Память нахлынула, будто неумолимое и беспощадное цунами. Она уничтожала одну личность, подменяя ее разрозненными картинами прошлого… Наверное, я умерла в тот момент: совершенно исчезло осознание себя, остались только десятилетия чей-то чужой жизни, проносившиеся в сознании, заполняющие собой все его.

И все же… все же, где-то в глубине души я понимала и знала, что все то, что я вижу – это было со мной. Это и была я… Но и не я, в то же время.

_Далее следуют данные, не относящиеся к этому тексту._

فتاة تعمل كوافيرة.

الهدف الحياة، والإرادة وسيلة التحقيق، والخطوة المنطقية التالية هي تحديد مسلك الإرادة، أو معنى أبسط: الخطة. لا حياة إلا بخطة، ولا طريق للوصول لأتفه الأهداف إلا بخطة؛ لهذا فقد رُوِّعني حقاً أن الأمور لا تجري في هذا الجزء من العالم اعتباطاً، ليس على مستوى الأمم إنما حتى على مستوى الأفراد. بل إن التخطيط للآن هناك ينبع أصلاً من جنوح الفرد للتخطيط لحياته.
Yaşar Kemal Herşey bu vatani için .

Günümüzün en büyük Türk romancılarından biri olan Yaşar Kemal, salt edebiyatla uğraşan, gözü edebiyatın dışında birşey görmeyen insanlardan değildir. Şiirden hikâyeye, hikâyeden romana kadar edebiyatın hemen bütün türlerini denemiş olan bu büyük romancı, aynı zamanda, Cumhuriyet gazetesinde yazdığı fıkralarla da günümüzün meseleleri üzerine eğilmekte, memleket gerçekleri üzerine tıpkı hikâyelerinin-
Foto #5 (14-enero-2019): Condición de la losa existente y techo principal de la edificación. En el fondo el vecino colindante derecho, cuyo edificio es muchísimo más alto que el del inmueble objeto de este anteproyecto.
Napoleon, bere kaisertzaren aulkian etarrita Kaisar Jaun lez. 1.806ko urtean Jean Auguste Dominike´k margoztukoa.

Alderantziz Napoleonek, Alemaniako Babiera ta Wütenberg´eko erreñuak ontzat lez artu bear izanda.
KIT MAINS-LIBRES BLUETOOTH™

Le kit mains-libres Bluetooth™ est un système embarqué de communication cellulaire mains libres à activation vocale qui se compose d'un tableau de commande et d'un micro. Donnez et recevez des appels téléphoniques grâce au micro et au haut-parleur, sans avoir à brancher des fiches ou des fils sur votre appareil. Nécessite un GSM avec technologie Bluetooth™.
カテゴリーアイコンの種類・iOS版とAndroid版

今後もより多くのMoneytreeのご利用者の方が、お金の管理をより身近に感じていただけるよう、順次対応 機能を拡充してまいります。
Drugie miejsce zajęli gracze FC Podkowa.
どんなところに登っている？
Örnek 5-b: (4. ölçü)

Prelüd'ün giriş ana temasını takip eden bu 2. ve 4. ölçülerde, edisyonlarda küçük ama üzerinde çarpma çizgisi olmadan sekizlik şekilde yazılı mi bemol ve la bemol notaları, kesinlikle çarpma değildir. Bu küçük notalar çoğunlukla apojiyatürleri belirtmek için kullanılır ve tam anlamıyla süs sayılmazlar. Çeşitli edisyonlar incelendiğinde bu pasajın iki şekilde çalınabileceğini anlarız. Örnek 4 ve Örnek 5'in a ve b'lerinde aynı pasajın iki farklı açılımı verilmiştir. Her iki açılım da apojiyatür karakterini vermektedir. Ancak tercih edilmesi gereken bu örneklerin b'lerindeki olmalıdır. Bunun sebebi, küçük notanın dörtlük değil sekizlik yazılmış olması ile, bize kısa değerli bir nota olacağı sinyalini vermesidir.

Виделось все странно и непостоянно: то будто со стороны, то от первого лица; как будто менялся угол обзора в какой-то компьютерной игре.

Из осколков мозаики под названием "память" мне удалось собрать образ ее-меня – принцессы Миа-Кхель. Странная бледная и печальная, словно сотканная из вечернего сумрака и предрассветных теней – совсем не похожая на то, как должна бы выглядеть наследница народа Первой Зари. И все же, она лучилась каким-то прекрасным светом, исходящим из глубины души. Да, он был немного приглушен печалью той, чьей дом обратился в пыль много сот лет назад… Но тогда в сердцах еще жила надежда, тогда в умах еще не поселилась мрачная обреченность… Тогда тьму связывали только с заходом солнца и не верили, что когда-нибудь она поселится и в них самих.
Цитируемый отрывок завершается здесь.